The legislation, the American Health Care Act, repeals the caps for the ACA’s premium tax credits for 2018 and 2019, and it provides no such caps for the new refundable tax credit created under the bill. The proposed tax credits have drawn the ire of Democratic lawmakers and even some moderate Republicans who say they are insufficient for low-income and elderly individuals.

A 27-year-old making $20,000 a year gets $3,225 a year in credits under the ACA on average, an amount that would fall to $2,000 under the GOP plan, according to the Kaiser Family Foundation. The plan’s credits increase with age but are capped at incomes of $75,000 for individuals and $150,000 for joint filers.

Those decreases would be compounded by the complexity of the transition period, said Seth J. Chandler, a visiting scholar at the Mercatus Center at George Mason University.

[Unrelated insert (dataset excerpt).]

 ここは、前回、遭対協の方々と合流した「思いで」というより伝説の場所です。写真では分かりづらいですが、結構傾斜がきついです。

Chandler specializes in insurance law.

Because the two-year transition period makes tax credits dependent on the ages and incomes of household members, it is “more complicated than either the ACA or where we end up,” he said.

Hard to Predict

Many low-income taxpayers hold multiple part-time jobs or work seasonal jobs, which makes it hard for them to accurately predict their annual income, practitioners said. Thus, the ACA caps helped ensure they wouldn’t need to repay large amounts to the IRS when they likely had spent the money over the course of the year.

“It’s certainly something that could be problematic for low-income taxpayers who aren’t going to have a few hundred dollars, or who knows how much, come tax time because they were accidentally getting $20 a month in advanced tax credits,” said Garrett A. Fenton, a member at Miller and Chevalier Chartered in Washington.

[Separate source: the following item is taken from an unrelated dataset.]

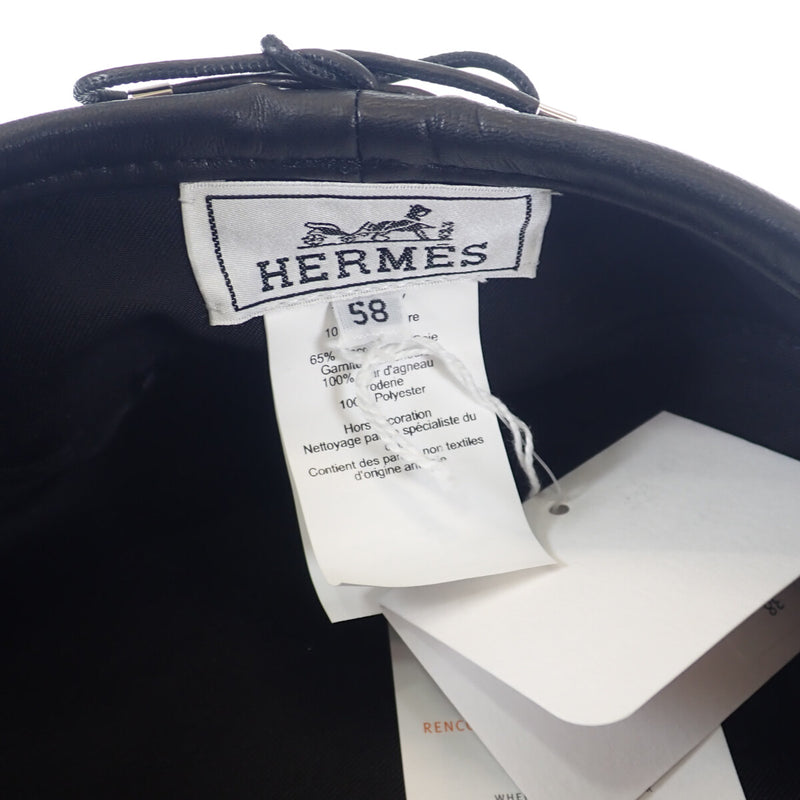 エルメス HERMES サントノーレチャーム 58 H212010N_GF58 ベレー帽 カシミヤ レザー CHARBON グレー レディース【中古】【Sランク】

Not only could individuals owe more money under the Republican plan than they would under the ACA, but the IRS could also take more aggressive steps to get the money back. The agency could place liens or levies on taxpayers who owe the money—a step that is harsher than elements of the ACA such as the individual mandate, which imposes a penalty on taxpayers that fail to purchase insurance, said Timothy Jost, a professor emeritus at the Washington and Lee University School of Law.

It is more common for the agency to freeze tax refunds owed to individuals who must pay back the credit, but that still packs a punch. “For many people, your tax refund is the biggest amount you get all year long,” Jost said.

On the Other Hand

The argument for removing the cap is that the extra money isn’t something the taxpayers are entitled to, practitioners said. Lawmakers may also want to prevent fraud in which individuals try to game the system to claim more funds than they should, the practitioners said.

“Obamacare fails to treat taxpayers fairly—in some cases, it ignores inaccurate overpayments, an approach that does not exist for any other benefit in the tax code. The American Health Care Act simply helps ensure that individuals and families receive the right benefit amount and that people who receive overpayments (for which they’re not eligible) pay them back—just like all other benefits in the tax code,” Lauren Aronson, press secretary for the House Ways and Means Committee, said in a statement to Bloomberg BNA.

Still, Republicans may struggle to defend the change to other lawmakers who already say the credits in the bill are insufficient. The House Budget Committee is set to mark up the bill March 16, and House leaders aim to hold a floor vote the following week.

“You would think that would fit right into the narrative—that the bill is providing these tax cuts for the wealthy and, as part of that, you’ve got low-income people who are now not only going to have lesser subsidies but going to have this cap removed, and going to have to pay back amounts they would otherwise not have to pay back previously,” Fenton said.